When using new sources of data, also new techniques such as data mining and clustering or semantic analyses on natural language are essential. Among other things, this includes analysis of open answers, text files, sections and reports, as well as messages, such as e-mail or social media posts. The textual information can be analysed and represented using semantic weighting and cohesion.
One example of our work in this area is the use of Twitte-R, a package to continuously extract data from the social media pool of Twitter. During the run up to the 2017 national elections, we extracted and analysed Twitter messages to determine factors as sentiment, party interactivity, etc. By tracing specific ontological patterns, determining the proximity of semantics, and determining pragmatics, such as sentiment value, we were able to find correlations between parties, instances in time, the nature of the Twitter message, and intentions.
Assembling large quantities of textual information provides a complex information set. Using visualization techniques, such as chord charts and network graphs, we are able to detect clusters within the information set.
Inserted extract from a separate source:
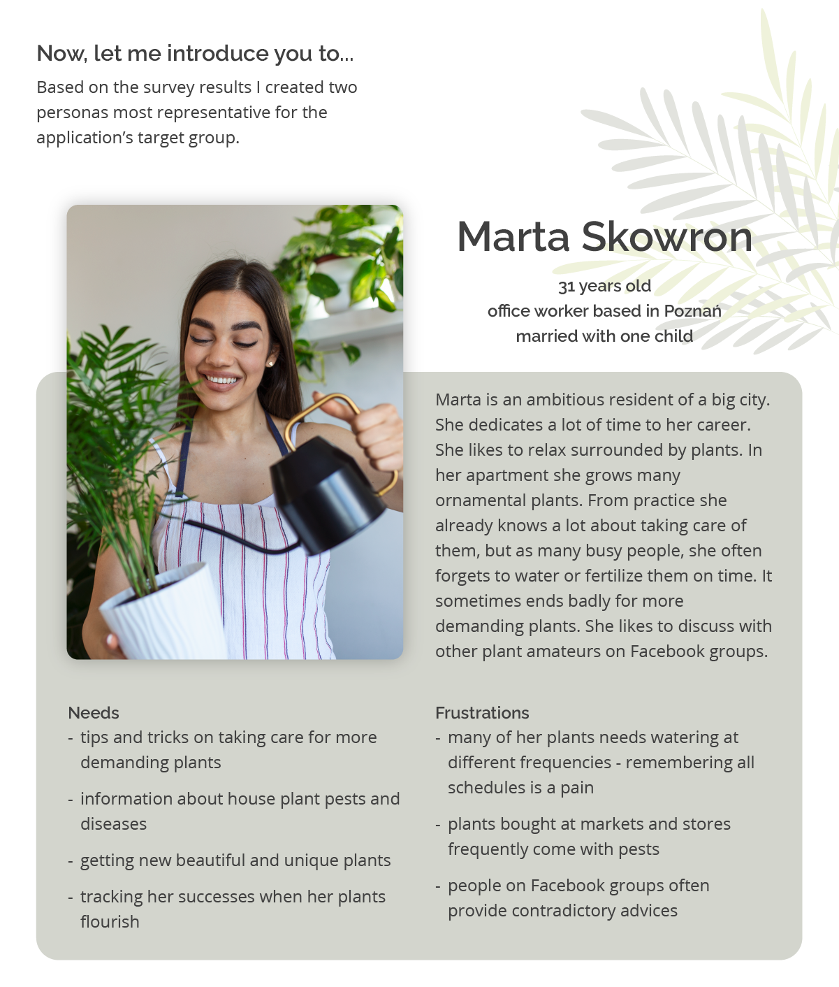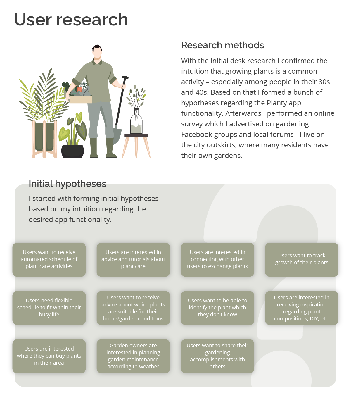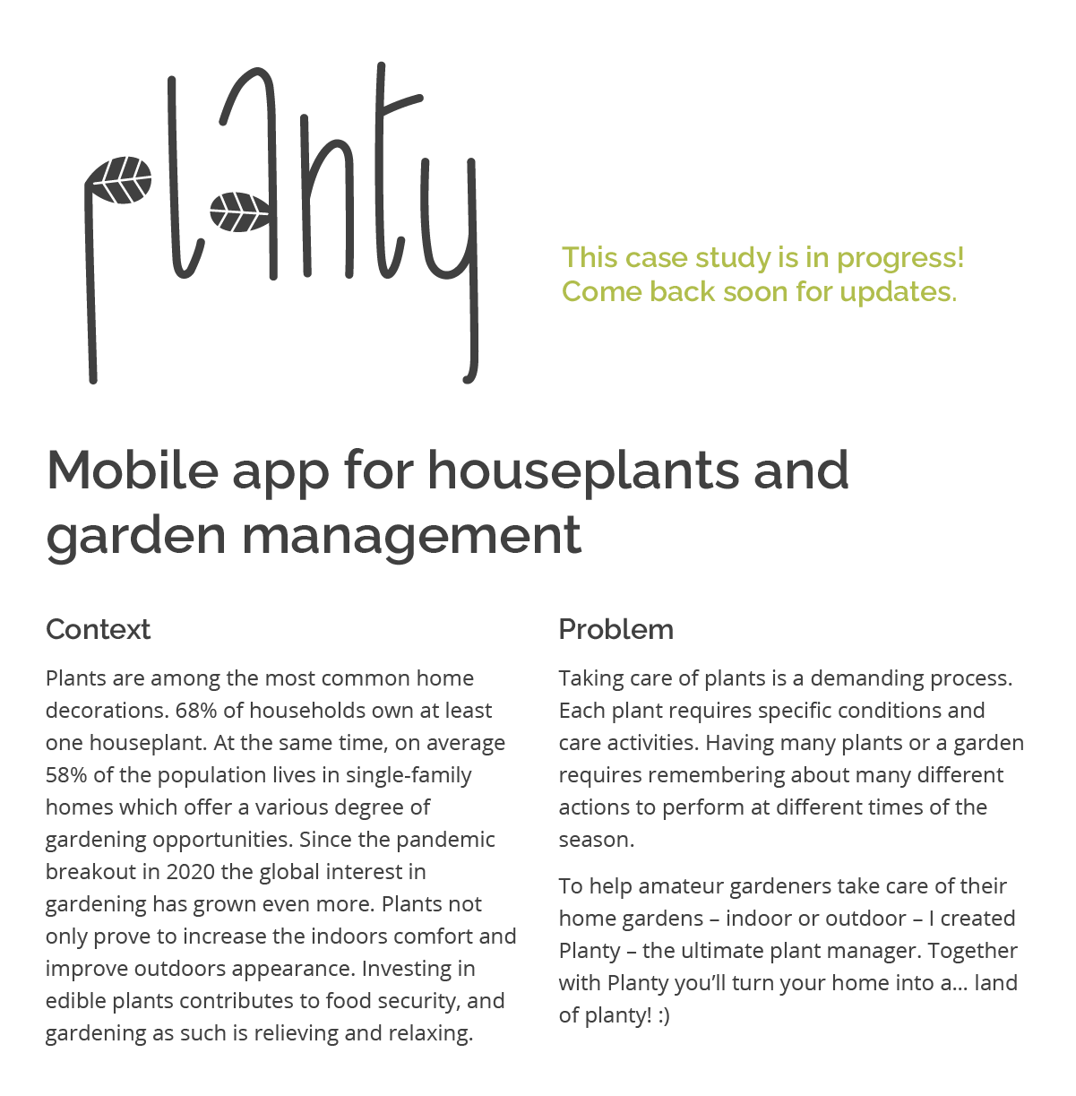 This case study presents the design process of a mobile app for users keeping plants in their homes or having own gardens.

Based on correspondence analysis we estimate the ideology of tweets and are able to detect echo chambers within Dutch (political) tweets.
Generally, we use natural language processing technology, program in various languages, for example Python, R, and C#, and utilize well-established packages and toolboxes for the applications within this discipline. The basis is often the writing of robust algorithms, setting up automated processes (scripts) and interfacing with open data protocols, such as APIs, that make processing and analysis possible.
Another example of this type of analysis, a so-called happiness live ticker that is derived from Dutch tweets on how happy people feel, can be found at Temporal Happiness Score of Dutch Tweets.